# MFing Putting



## JBHOLMES (Jul 27, 2006)

What are some good putting drills to do to improve your putting stroke? 



What is the best putter on the market?



What are some good videos or articles I can read/watch to get tips to help improve my putting.



Feel free to add anything else.


----------



## golfermatt91 (Jul 14, 2006)

i really like the srt 2 ball putter by odyssey

a putting drill make a 6 foot line starting with balls about 5 in. apart and do it around the hole so it would be like 40 balls but just do 10 rotate the line etc.


----------



## fitz-uk (Apr 28, 2006)

You will see a lot of pros working through a routine before they head off.

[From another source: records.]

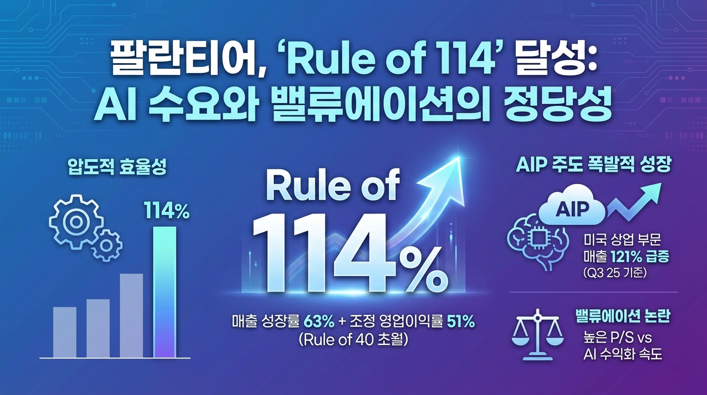 - 'Rule of 40'를 초월한 'Rule of 114' 달성: 팔란티어는 최근 분기(2025년 3분기) 기준 매출 성장률 63%와 조정 영업이익률 51%를 기록하며 합산 점수 114%라는 전례 없는 효율성을 입증했습니다. 이는 단순한 소프트웨어 기업을 넘어 AI 인프라의 독보적 지위를 방증합니다.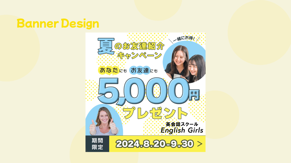 SHElikes PROデザイナーの課題にて初めて作成したバナーです。20代女性向けの英会話スクールの入会者を増やす目的として作成いたしました。(制作時間:5日間)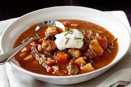 Deze goulash kan worden aangezien voor een stevige tweede of eerste gang, afhankelijk van de kooktechnologie. In tegenstelling tot andere recepten voor rundvleesgoulash, gebruikt het Hongaars aardappelen, dus dit gerecht kan gemakkelijk een vaste maaltijd vervangen.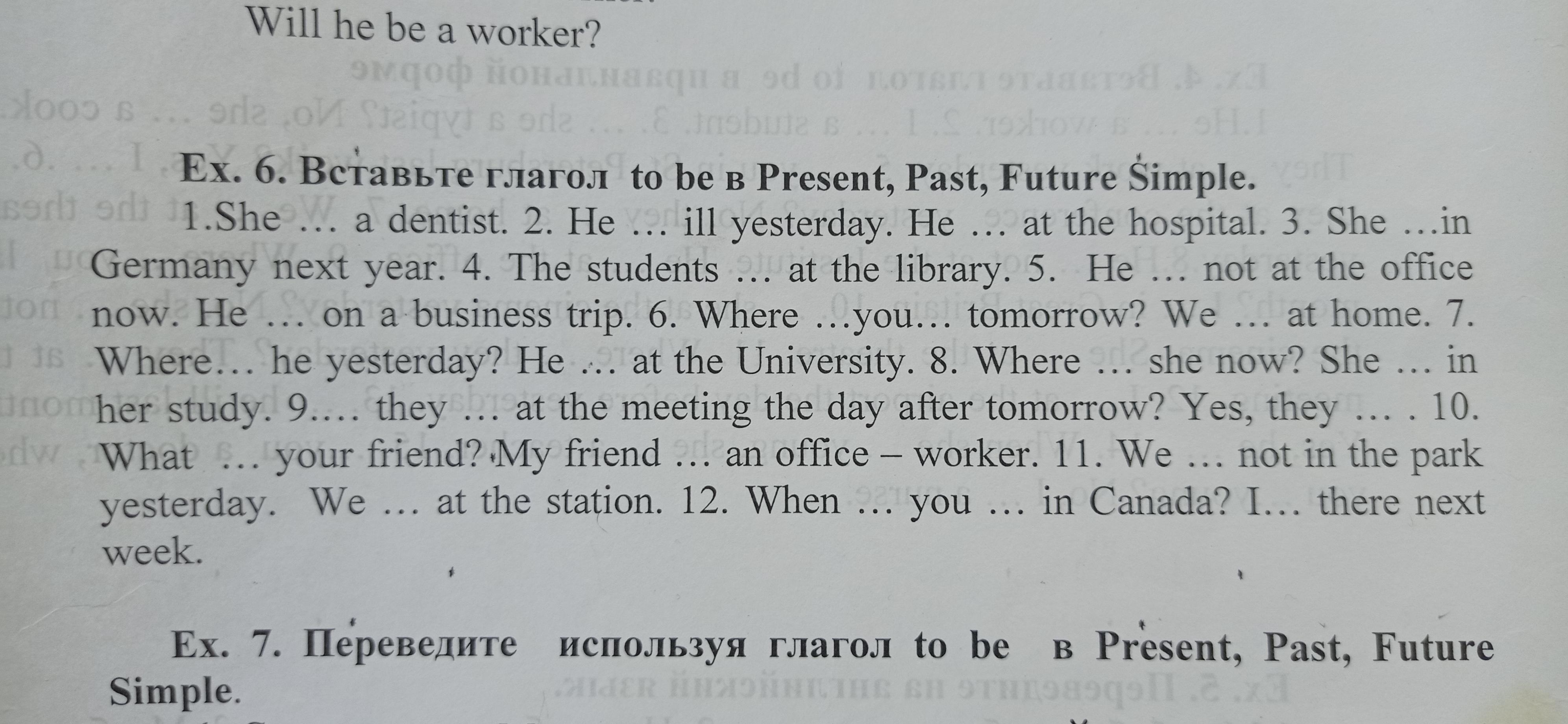 She is a dentist.He was ill yesterday.He is at the hospital.She will be in Germany next year.The students are at the library.He is not at the office now.He is on a business trip.Where will you be tomorrow?We are at home.Where was he yesterday?He is at the University.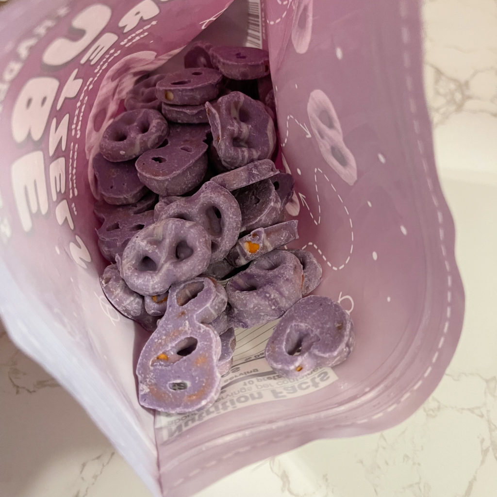 ウベヨーグルト味のチョコレートがコーティングされています。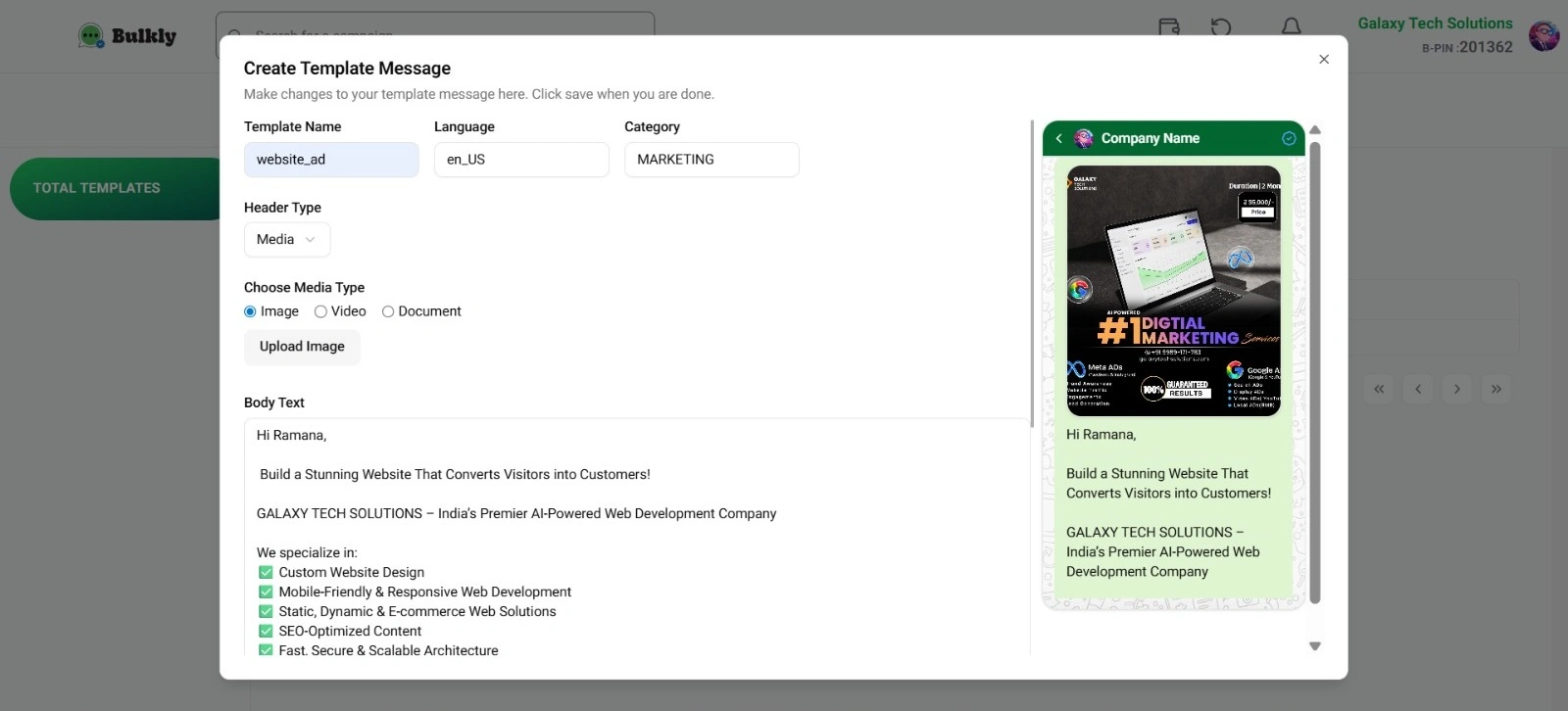 Craft beautiful WhatsApp messages with ease. Bulkly’s template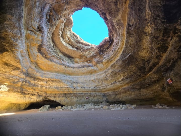 On day seven we drove to Faro. We first stopped for a kayak ride towards Benagil cave, which was on our bucket list. Many people visit the cave by kayak so you will definitely not be alone there, but it's a very unique sight. Next to the Benagil caves, you also have the opportunity to visit some other sights on the water. The total kayak ride took us about 1 hour and 45 mins. We did not get too tired while kayaking at sea, which is something that we were initially afraid of.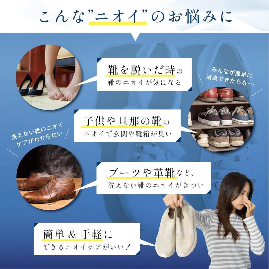 【選ばれる6つの理由】 1、99.9%※ニオイを徹底消臭!気になる靴のニオイをしっかり除去。消臭試験でも高い効果を実証済み。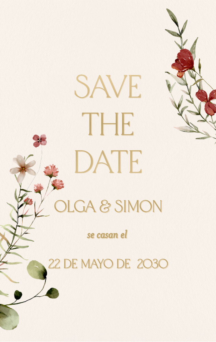 ¡Prepara tu día especial con estilo! Nuestras tarjetas virtuales Save The Date están diseñadas para anunciar la fecha de tu boda de manera elegante e inolvidable. Asegúrate de que tus seres queridos reserven esta fecha excepcional ahora con nuestras invitaciones en línea fáciles de enviar y compartir.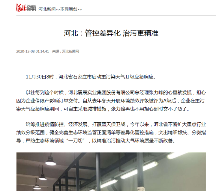 以往每到这个时候,河北翼辰实业集团股份有限公司总经理张力峰的心里就发慌,担心因为企业停限产影响订单交付。自从去年冬天开展环境绩效评级被评为A级后,企业在重污染天气应急响应期间,可自主采取减排措施,张力峰再也不用担心到时交不了货了。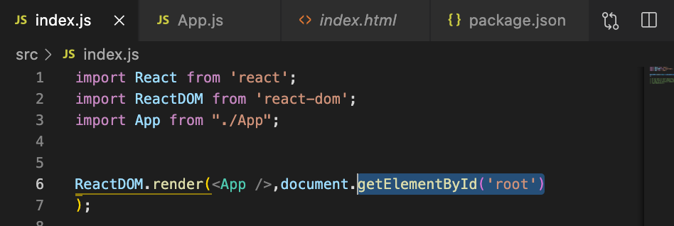- index.js์ ReactDom.render์์ <App />๋ ๋ฐ๋ก App.js๋ฅผ ์๋ฏธํ๋ ๊ฒ.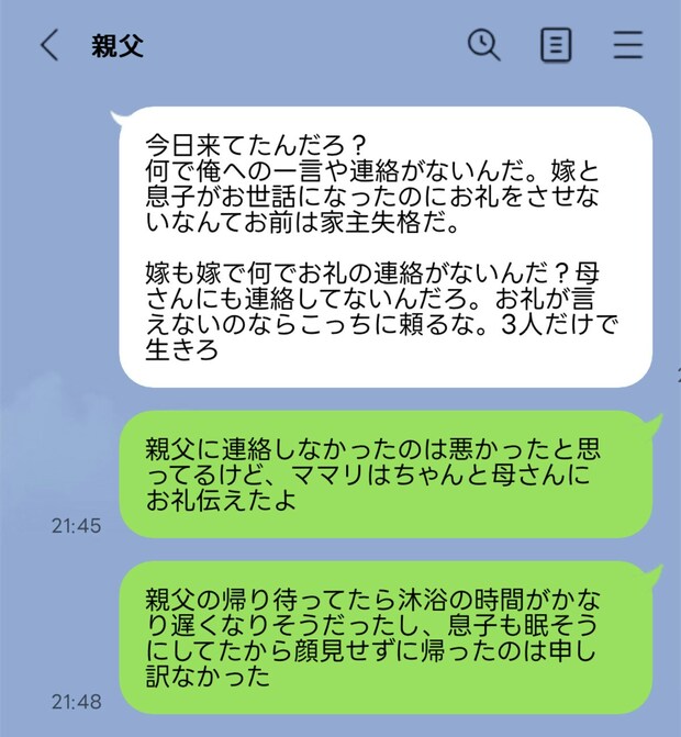 しかし義父から、旦那に突然怒りのLINEが届いており、なんで義父にお礼の一言や連絡が無いのか、嫁と息子がお世話になったのにお礼をさせないなんて家主として失格だ、第一嫁さんもなんでお礼の連絡がない?義母にも連絡してないだろ、頼るにしてもお礼の言葉言えないのなら3人だけで生きろ的な文面がいきなり来ました。

I like to hit 3 / 4 foot putts from around the hole, work on 7 or 8 balls, and if you miss one start again. Once you are solid from this range you will find it boosts your confidence and you make more of these knee tremblers


----------



## golfermatt91 (Jul 14, 2006)

ya also for the longer putts imagine theirs a 6 ft ring around the hole and concentrae on getting in their.


----------



## alex (Sep 3, 2006)

If its a longer putt where you realistically aren't going to hole out just try and get it within a dustbin lid of the hole.
For shorter putts: Use a smaller back swing but hit through the ball more with a long follow through. This means the club head will be accelerating through the ball rather than, if like me, you slow the club head down in fear of over hitting th e putt.


----------